Environment & Planning - B 24(1997): 415-426

Rohinton Emmanuel
College of Architecture & Urban Planning
The University of Michigan

Abstract

Urban vegetation impinges upon the physical environment by positively enhancing the micro-climate, air and water quality. On the other hand, changes to the physical environment as well as the socio-economic conditions of urban dwellers affect urban vegetation health, species abundance and diversity. This two-way vegetation-environment dynamism makes urban vegetation an ideal meter to gauge the environmental health of cities. While studies utilizing such a proposition exist with reference to the physical environment, vegetation's usefulness in monitoring urban social change has received very little attention. This study seeks to find whether changes in urban vegetation can be linked to urban social changes by using Detroit as a case study. Demographic trends in Detroit are analyzed in light of the increasing greenness in the city detected by recent satellite images. Robust relationships between greenness change and demographic factors associated with urban decay (population decline, poverty level increase and vacant unit increase) are found. Models built with a remotely sensed greenness change index and urban decay variables appear to be free of any serious bias. Tests for the validity of such models are also successful. On the basis of this finding, the current study concludes that vegetational trends could be used as indicators of urban socio-economic changes. A vegetation-based urban environmental quality index could therefore be developed to monitor physical and social changes in cities.
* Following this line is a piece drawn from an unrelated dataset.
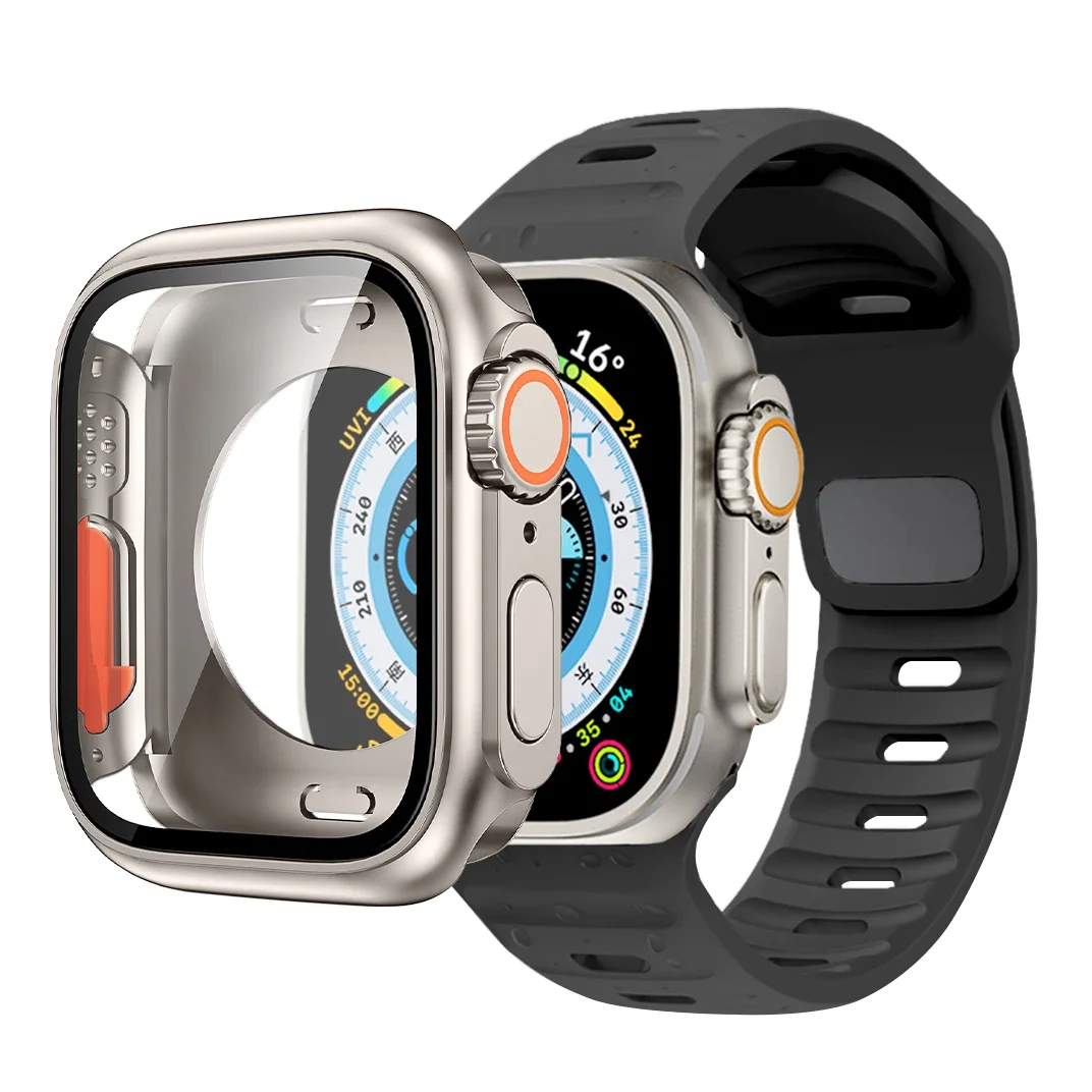 Case+Strap For Apple Watch Band 45mm44mm41mm 42 40mm Smart Silicone Bracelet Iwatch Series 3 4 5 6 Se 7 8 9 Change To Ultra Case

Keywords: urban environmental quality, urban decay, remote sensing

Background

Contrary to popular perceptions, there is much vegetation in cities. Morgan (1972) and Moll (1989) estimates that 30 - 36% of surfaces in typical north American cities are vegetation-covered. The leaf and stem area of urban vegetation outnumbers man-made surfaces 4-to-1 (Rowntree, 1984).

This large volume of urban vegetation impinges upon the climatic, air and water quality of urban areas as well as the social and psychological well being of urban dwellers. Some of the recorded climatic effects of urban vegetation include, up to 15oC reduction in surface temperature during hot, summer days in Miami, Fl. (Parker, 1983); up to 25% reduction in building climate-control energy needs in the eastern United States (Heisler, 1986) and 6oC air temperature reductions within 2 mile radii of Mexico City urban parks (Jauregui, 1973). In addition, urban vegetation improves the surface water flow by the quantitative and qualitative regulation of runoff (Rutter, 1972; Shuttleworth, 1989), sequester CO2 and other trace gas pollutants (Nowak, 1994), enhances human thermal comfort (Stark & Miller, 1977; Huang, et al., 1987), adds to the psychological well-being of urban dwellers (Ames, 1980; Ulrich, 1984; Willeke, 1989) and enriches the urban bio-diversity (Hough, 1984).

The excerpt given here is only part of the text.